Can Almost See the Lights of Home ~
Field Notes from Harlan County, Kentucky Alessandro Portelli
There's a Steve Earle CD, just out, called The Mountain. On it, in a Bluegrass mode, Earle sings, "I'm a Harlan man," and makes it synonymous with "I'm a family man . . . I'm a mountain man . . . I'm a union man." It's 1999, and Harlan is still a powerful symbol for memory and resistance: "I'm a Harlan man, you won't catch me whining 'cause I ain't that kind."
In Harlan, people are fond of saying that "There are two sides to everything." But it designates less the conciliation of opposites than the drama of contradiction. As Florence Reece's memorable song about Harlan's struggles of the 1930s reminds us: "They say in Harlan County there are no neutrals there." There may be two sides to everything, but: "Which side are you on? Which side are you on? Which side are you on?"
In 1979, just as I was beginning to think seriously about the theory and practice of oral history, I wrote: "Oral sources are oral sources. Scholars are willing to admit that the actual document is the recorded tape; but almost all go on to work on the transcripts, and it is only the transcripts that are published."
I was then at a methodological crossroads. Though I was not a musician or a musicologist, my experience was rooted in the folk music revival and in the collection of folk music in the field, and therefore I was oriented toward presentation in and of sound by means of the long-playing record. Yet my scholarly orientation as a teacher of literature moonlighting as a historian was increasingly geared to the analysis of words and narratives.
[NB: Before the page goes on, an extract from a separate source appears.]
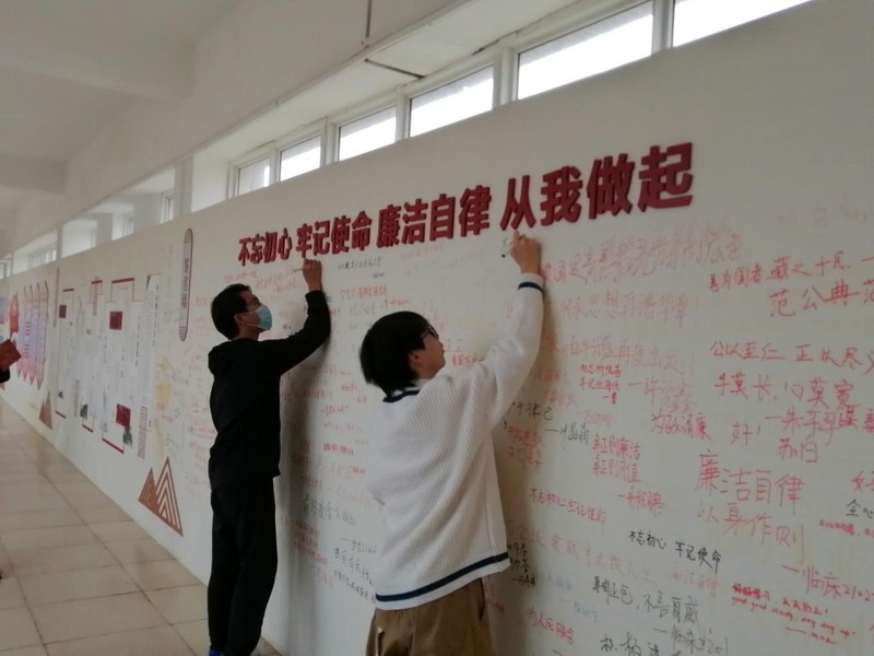 学院研究生第一支部党支部书记孙轲表示:“签名是一种承诺,我们应牢记使命,把清廉作风铭记在心,严格自律,明理、诚信、勤勉、笃学,为营造学院清新学风做好表率。”
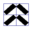 24. 用四块如图(1)所示的瓷砖拼成一个正方形图案,使拼成的图案成一个轴对称图形(如图2),请你分别在图(3)、图(4)中各画一种与图(2)不同的拼法,要求两种拼法各不相同,且其中至少有一个图形既是中心对称图形,又是轴对称

Thus, as I became aware that my approach to the study of folk music was becoming more and more inadequate, I realized the political and cultural need to step beyond mere presentation and documentation of people's cultures and oral cultural materials and step toward analysis and scholarly treatment.
Furthermore, the market and the technology for the communication and presentation of sound, or at least of the sounds and the voices in which I was interested, was increasingly inadequate. The audience for folk music was shrinking, and turning toward more commercial or exotic sounds; the LP and the audio cassette did not lend themselves to the analytic treatment I had in mind. However, just as I prepared to shift from the record to the printed page, I was very much aware that I was paying a serious price. For one thing, I was giving up the music; for another, I was restricting the expressive range of recorded language. As I put it in one of my earliest essays on the subject:
There was, however, much to be gained from this change. As Jack Goody among others has shown, writing objectifies language, thus enabling us not only to preserve it, but also to analyze it and to endow it with an awareness of itself. On the other hand, the invention of recording seemed to make the same operations possible also with regard to the spoken word. As Gianni Bosio pointed out:
Just as the rise of print marked the transition from the city-states [Comuni] to the princely city-states [Signorie] [in the Reinaissance], from a shared culture mainly entrusted to oral means of communication to culture as an expression of the ruling class, now the magnetophone again endows the culture based on oral communication with the tool it needs in order to emerge, to become aware of itself, and in fact to unravel all the cultural forms that exist against, rather than along with, the disciplines and genres of the dominant culture [. . . .]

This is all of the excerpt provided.